The health authorities could do more to stem the menace

The theme for this year’s World Tuberculosis Day could not be more apt: ‘The Clock is Ticking’. It conveys the urgency that time is running out to act on the commitments to end the scourge. It is more so in Nigeria that comes third, only behind India and China, in terms of tuberculosis cases. The authorities must therefore be concerned that we are far from meeting the 2030 global targets for TB and other communicable diseases.

Every year, around 245,000 Nigerians die from tuberculosis (TB) and about 590,000 new cases occur of which around 140,000 are also HIV-positive. TB is also believed to account for more than a tenth of all deaths in Nigeria while nearly 30 people die every hour from the disease. More particularly disturbing is that while other countries are gradually winning the war against TB, the reverse is the case in Nigeria.

To compound the challenge, substantial numbers of the people infected with TB in the country are unreported or undiagnosed, most of them women and children in neighbourhoods where poor ventilation and squalor abet the spread of the disease. “If you do not reach those women and children infected”, lamented Dr. Rui Gama Vaz, the World Health Organisation (WHO) representative in Nigeria, “they will continue to spread TB in their communities.”
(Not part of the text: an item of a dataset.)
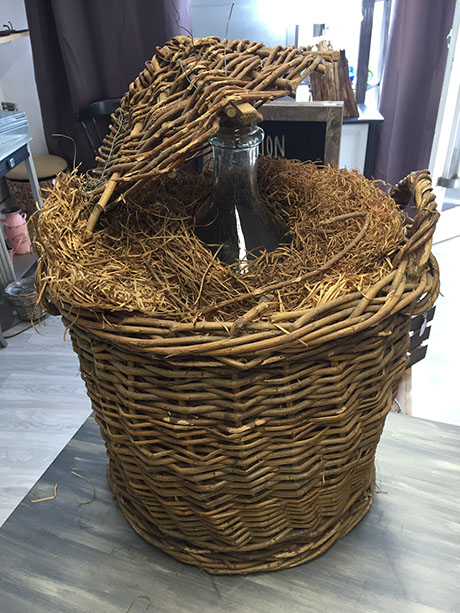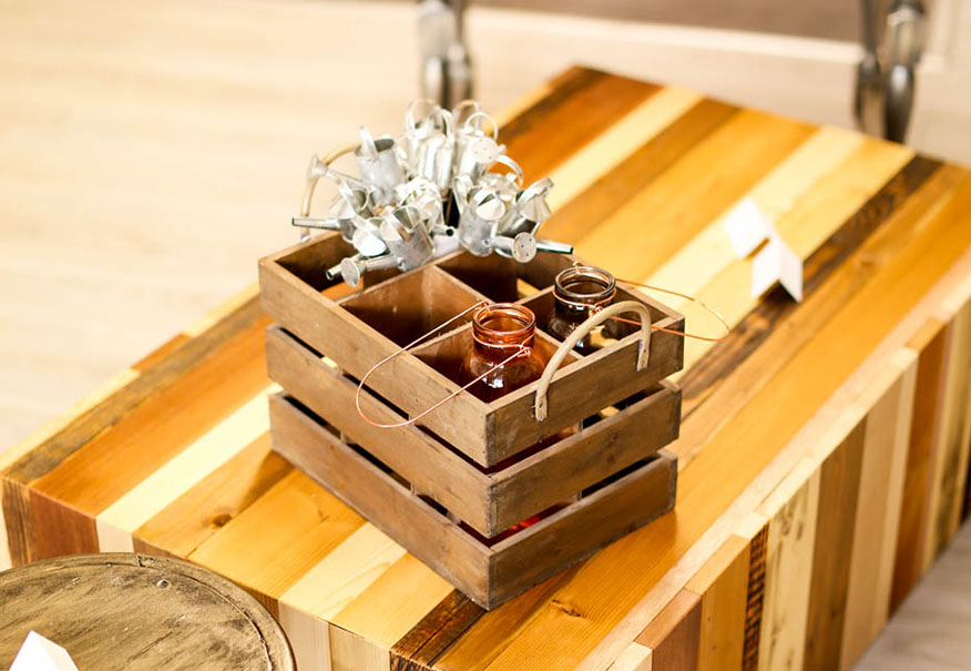 Table palette travaillée, casier à bouteilles et mini arrosoirs déco !

Regarded by medical experts as the single leading cause of death from any infectious agent, TB is caused by a bacterium which most commonly affects the lungs and transmitted from person to person through air droplets. Even though control measures had reportedly limited the spread through animals, they (particularly cattle) still constitute a significant source of risk in countries like Nigeria where meat and milk inspection by health officials are often overlooked.

However, tuberculosis is both preventable and curable. But as the WHO authorities have consistently argued, ending the TB epidemic requires action beyond the health sector to address the risk factors and determinants of the disease. The political authorities have to take the lead if we must effectively tackle the scourge. Besides, for the victims, early detection and correct diagnosis aid proper treatment. Many patients afflicted with TB do not complete the TB therapy and even worse, many do not make themselves available for treatment. Failure to complete the treatment and the mismanagement of drugs had led to the death of many patients and an increase in variants of the disease that are drug-resistant.

Ironically, current efforts are not enough to find, treat and cure people suffering from the ailment even though treatment centres for drug-resistant TB have grown from one in 2010 to about 12 in the country today while some states are said to have initiated treatment of drug-resistant TB patients in their communities. According to the National TB and Leprosy Control Programme (NTBLCP), directly observed treatment short course (DOTS) services are currently provided in about 6000 health facilities in the country, and diagnosis in 1515 microscopy laboratories. DOTS is said to be an efficient and cost-effective strategy that consists of physically observing patients as they take the TB medications to ensure treatment compliance.

Unfortunately, the challenge indeed is huge and will require much more. For instance, while 10 per cent of the global TB patients are people living with HIV, in Africa where Nigeria leads, 74 per cent of them are people living with HIV. What this means is that the relevant agencies have to put in more effort if Nigeria is to achieve the global target of 90 per cent reduction in TB deaths and an 80 per cent reduction in TB cases by 2030.